### Task
For the records below, copy exactly the span that begins at the line containing "larve in stadiul" and stops after the line containing "This exquisite scarf", minus any pictures.

### Supplied records
========================================
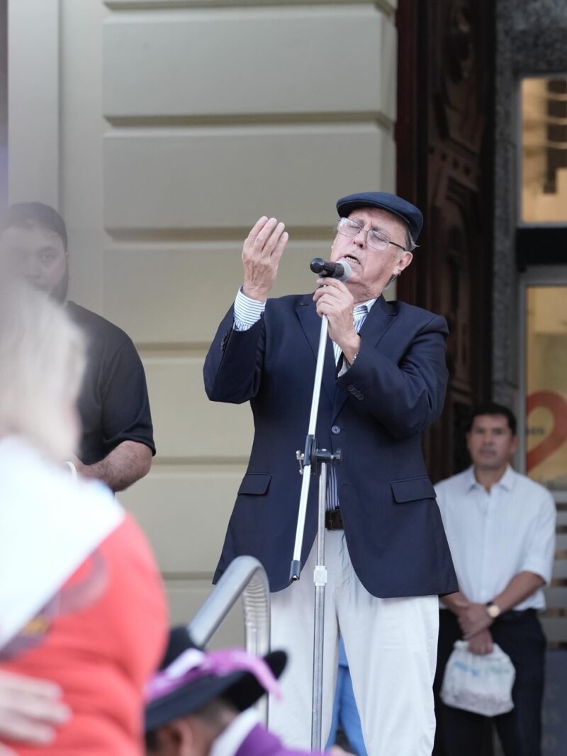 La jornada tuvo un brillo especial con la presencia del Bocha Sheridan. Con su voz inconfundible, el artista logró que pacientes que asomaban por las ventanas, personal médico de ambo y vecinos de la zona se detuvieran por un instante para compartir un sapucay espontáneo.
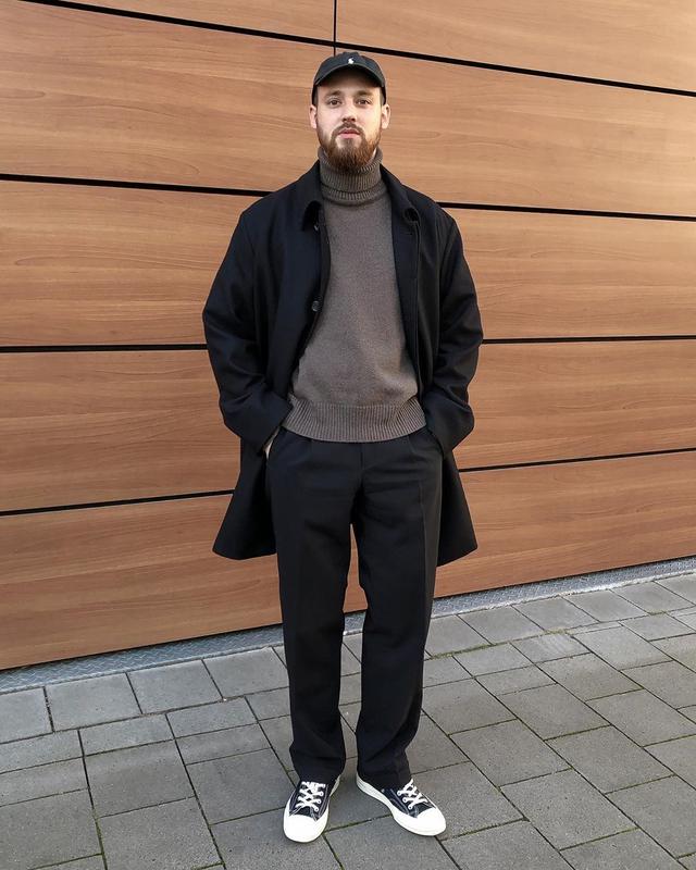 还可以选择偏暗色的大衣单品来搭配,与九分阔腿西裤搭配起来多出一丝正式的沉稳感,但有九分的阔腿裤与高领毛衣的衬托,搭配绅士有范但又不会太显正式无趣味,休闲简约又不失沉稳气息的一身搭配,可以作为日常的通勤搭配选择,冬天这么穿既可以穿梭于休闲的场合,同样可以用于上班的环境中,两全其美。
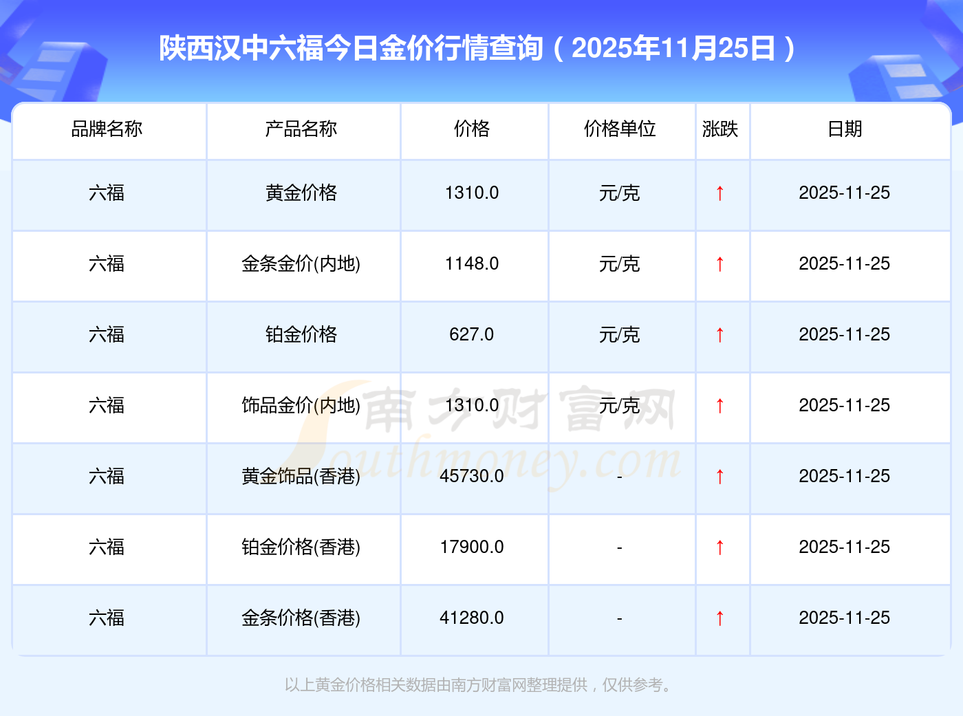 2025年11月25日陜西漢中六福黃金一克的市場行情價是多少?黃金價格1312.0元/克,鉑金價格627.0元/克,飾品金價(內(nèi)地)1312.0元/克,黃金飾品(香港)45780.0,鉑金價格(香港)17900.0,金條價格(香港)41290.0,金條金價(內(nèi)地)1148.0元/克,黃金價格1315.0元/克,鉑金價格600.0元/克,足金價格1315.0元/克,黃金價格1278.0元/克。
========================================
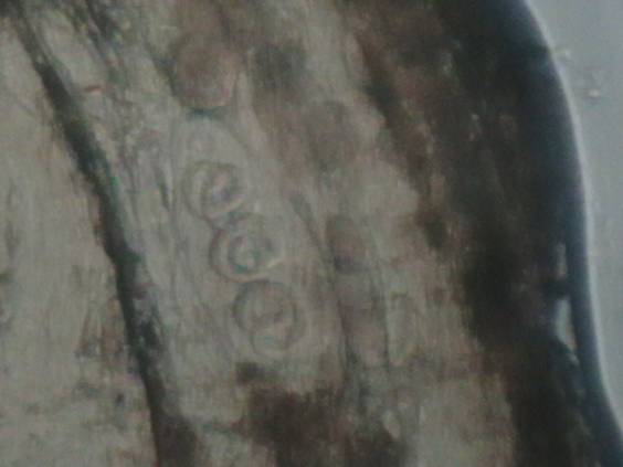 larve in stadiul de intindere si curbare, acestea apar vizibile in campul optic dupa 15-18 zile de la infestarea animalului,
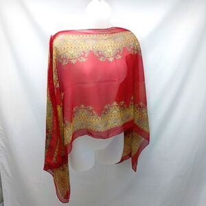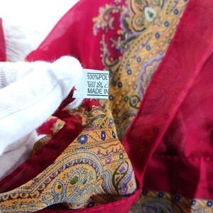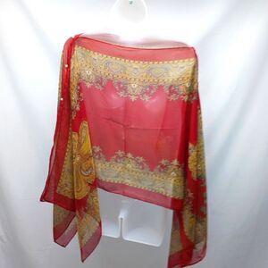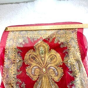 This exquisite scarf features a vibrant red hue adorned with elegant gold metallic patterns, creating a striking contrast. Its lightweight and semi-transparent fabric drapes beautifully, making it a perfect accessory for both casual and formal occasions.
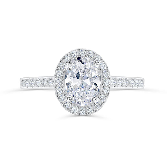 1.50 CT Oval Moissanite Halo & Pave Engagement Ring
========================================
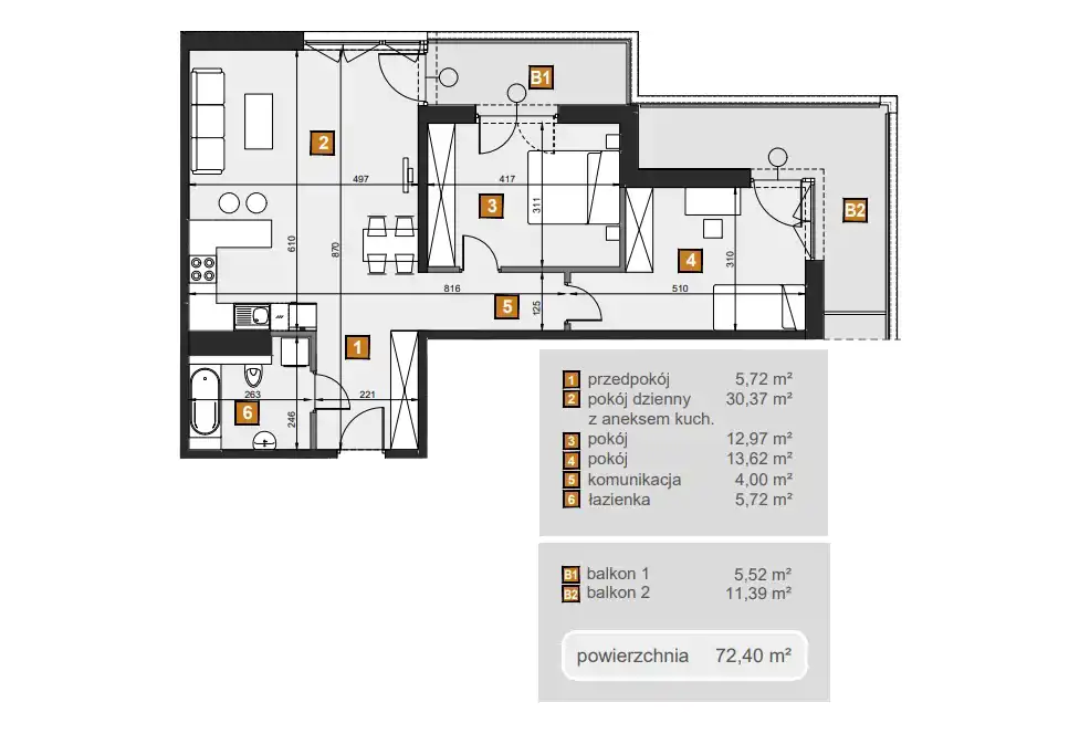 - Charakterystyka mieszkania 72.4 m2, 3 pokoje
========================================
### Result
 larve in stadiul de intindere si curbare, acestea apar vizibile in campul optic dupa 15-18 zile de la infestarea animalului,
 This exquisite scarf features a vibrant red hue adorned with elegant gold metallic patterns, creating a striking contrast. Its lightweight and semi-transparent fabric drapes beautifully, making it a perfect accessory for both casual and formal occasions.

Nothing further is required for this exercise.